> [ASSIGNMENT]: Pictures aside, repeat the whole listing word for word.

> [DATASET SECTION]:
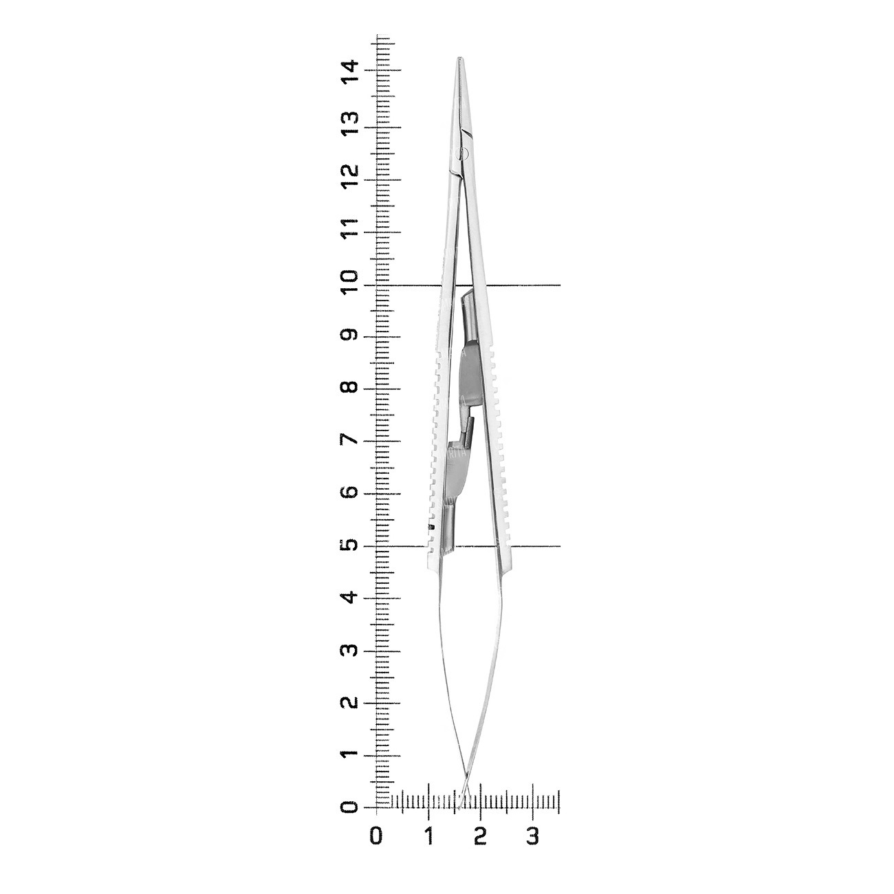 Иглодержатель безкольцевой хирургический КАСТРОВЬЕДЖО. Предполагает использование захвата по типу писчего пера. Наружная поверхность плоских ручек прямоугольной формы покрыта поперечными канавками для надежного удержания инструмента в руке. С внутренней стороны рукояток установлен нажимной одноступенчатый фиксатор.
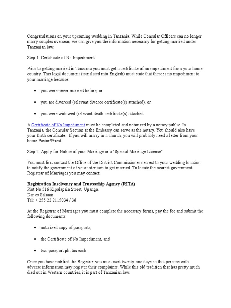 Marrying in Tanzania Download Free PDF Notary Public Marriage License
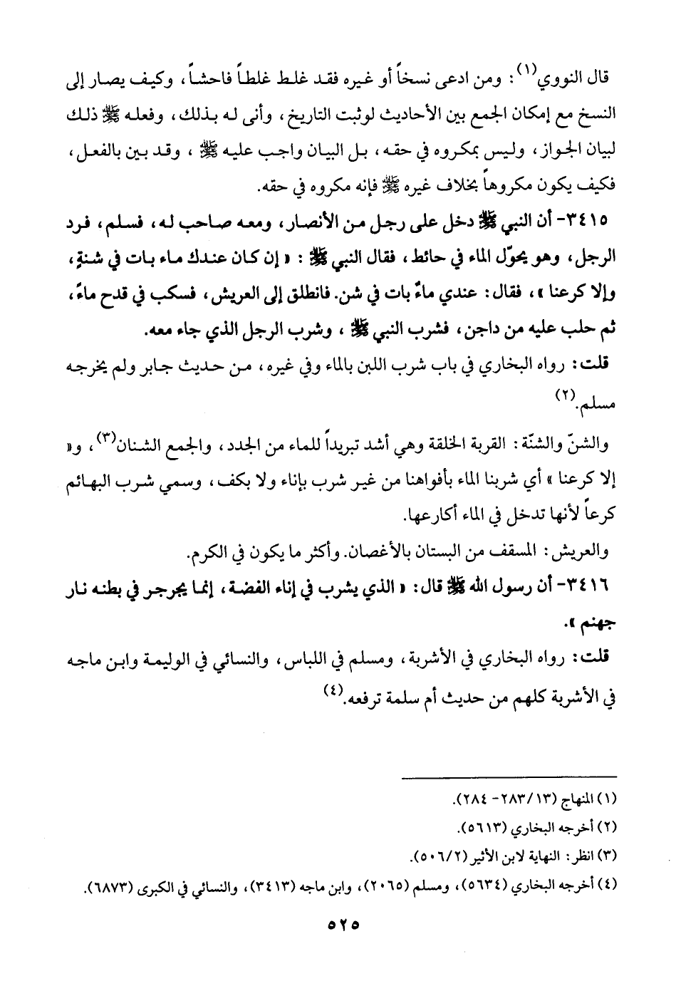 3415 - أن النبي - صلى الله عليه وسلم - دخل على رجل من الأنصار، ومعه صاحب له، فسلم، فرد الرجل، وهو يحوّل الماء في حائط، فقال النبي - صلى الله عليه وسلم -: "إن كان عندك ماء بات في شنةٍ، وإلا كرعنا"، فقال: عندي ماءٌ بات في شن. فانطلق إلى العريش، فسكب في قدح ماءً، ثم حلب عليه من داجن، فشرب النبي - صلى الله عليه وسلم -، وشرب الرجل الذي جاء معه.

> [OUTPUT OF THE TASK]:
 Иглодержатель безкольцевой хирургический КАСТРОВЬЕДЖО. Предполагает использование захвата по типу писчего пера. Наружная поверхность плоских ручек прямоугольной формы покрыта поперечными канавками для надежного удержания инструмента в руке. С внутренней стороны рукояток установлен нажимной одноступенчатый фиксатор.
 Marrying in Tanzania Download Free PDF Notary Public Marriage License
 3415 - أن النبي - صلى الله عليه وسلم - دخل على رجل من الأنصار، ومعه صاحب له، فسلم، فرد الرجل، وهو يحوّل الماء في حائط، فقال النبي - صلى الله عليه وسلم -: "إن كان عندك ماء بات في شنةٍ، وإلا كرعنا"، فقال: عندي ماءٌ بات في شن. فانطلق إلى العريش، فسكب في قدح ماءً، ثم حلب عليه من داجن، فشرب النبي - صلى الله عليه وسلم -، وشرب الرجل الذي جاء معه.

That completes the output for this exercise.